Many deep generative models such as normalizing flows, variational autoencoders or neural auto-regresive models can be described by the previous expression. Their parameters are typically tuned by minimizing with respect to an objective function that quantifies the fit of the resulting \(q(x)\) to the target Boltzman distribution. This objective could be, for example, the Kullback-Leibler (KL) divergence from \(q(x)\) to \(p(x)\), denoted by \(\text{KL}[q(x) \vert \vert p(x)]\). Other objective functions are possible as well. Once an objective function has been chosen, its optimization is often done using stochastic gradient descent, which requires the evaluation of the energy function \(E(x)\) and its gradients. This is typically done using specialized software. For example, the OpenMM toolkit.

Using deep generative models for approximating the Boltzman distribution has multiple advantages. Unlike MC and MD simulations, they generate independent samples and can avoid getting stuck into temporary intermediate states with low transition probabilities. Deep generative models are very flexible models and, by increasing the size of their DNNs, they can produce better and better approximations.
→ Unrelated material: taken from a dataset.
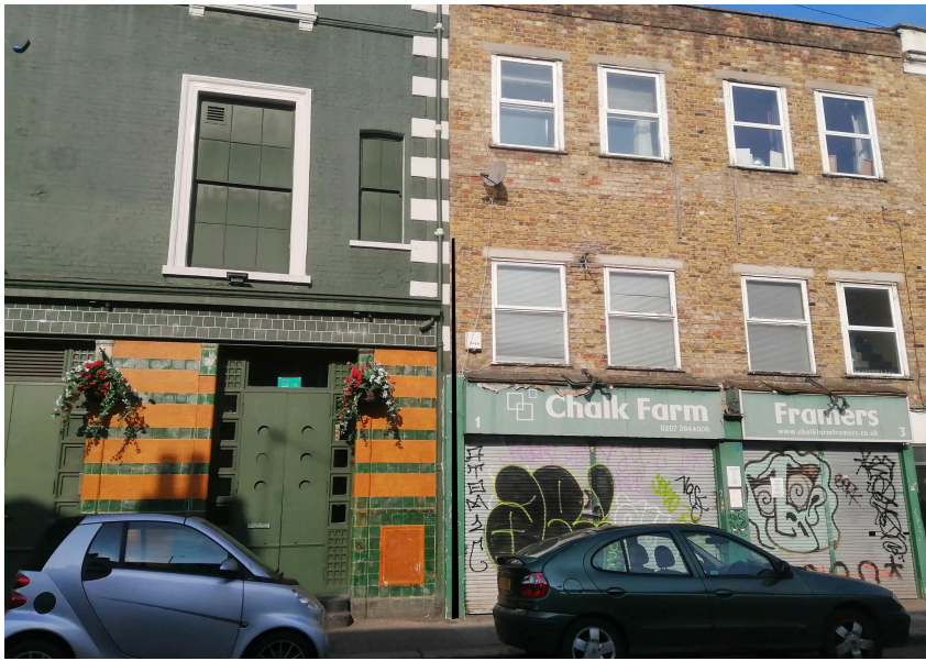
LOCATION B WITH POLE

While there will always be some amount of bias in the generated samples, this bias can be reduced by, for example, running a short Hybrid Monte Carlo simulation that is initialized with a sample from \(q(x)\) and then taking the last state of the simulation, which represents an improved version of the original sample. Another option is to use importance sampling, which is possible when the density of \(q(x)\) can be computed in a tractable way. For example, when the deep generative model is a normalizing flow or an autoregressive model.
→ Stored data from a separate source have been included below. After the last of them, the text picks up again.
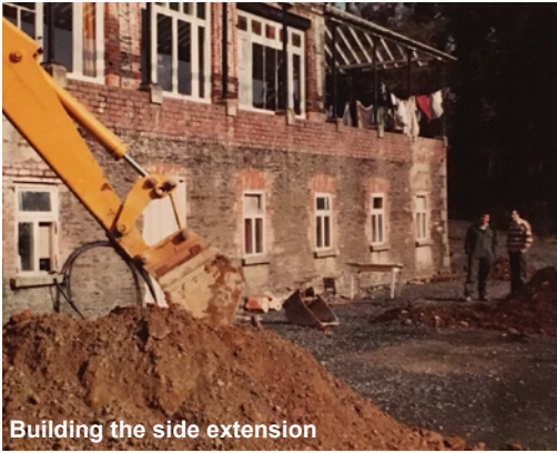
Building the side extension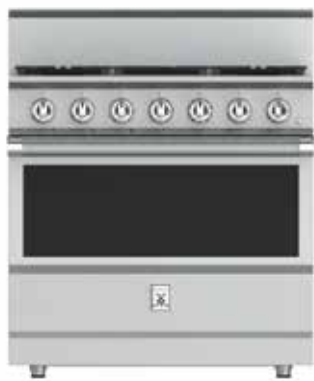
36" All Gas Range 30" and 48" All Gas Ranges also available

SIMMER FLAME CAPABILITY Hestan's precision sealed burner system maintains continuous gentle temperatures without flickering – perfect for delicate sauces.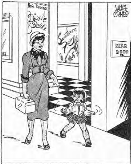
"It would be interestin' to discover WHICH committee decided it was un-American to be COLORED."

Despite the aforementioned advantages, there are still some important points to consider when using deep generative models to approximate the Boltzman distribution p(x). First, \(p(x)\) naturally captures physical invariances regarding the location of atoms forming a molecule. For example, translation and rotational invariances. For efficient learning, this type of invariances need to be manually encoded into the deep generative model. While some initial work has been done in this area, there is still no general solution for this problem. Second, the optimization of the deep generative model may get stuck into fitting only a few of the modes of \(p(x)\) and ignoring the others. For example, minimizing \(\text{KL}[q(x) \vert \vert p(x)]\) is well known to have a tendency to favour solutions that have this problem. To avoid this, the objective function that is used for tuning needs to be carefully chosen to favour instead a more global fit to \(p(x)\). Finally, while importance sampling can be used to remove the bias in the samples from \(q(x)\), the performance of this method is poor when the dimensionality of x is large, which is the case in most practical applications. To avoid this, a possibility is to use Hamiltonian annealed importance sampling, which behaves better in higher dimensions.
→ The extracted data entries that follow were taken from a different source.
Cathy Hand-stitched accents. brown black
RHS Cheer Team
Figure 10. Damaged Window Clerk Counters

At Boltzbit, we exploit deep generative models to accelerate molecuar simulations using deep generative models. The application of deep generative models to approximate the probability of the 3D atomic configurations in a molecule is currently a very active and promising research area. It is expected that these methods will allow in the future the cheap and practical simulation of very large molecular compounds. The result will be a significant reduction in the cost of the drug design process by enabling the accurate estimation of drug efficacy via simulations and not through expensive wet-lab experiments. This type of change has happened before. For example, in aerodynamics, where computational fluid dynamics has replaced wind tunnel experiments in the design of large aeroplane fuselages and wings.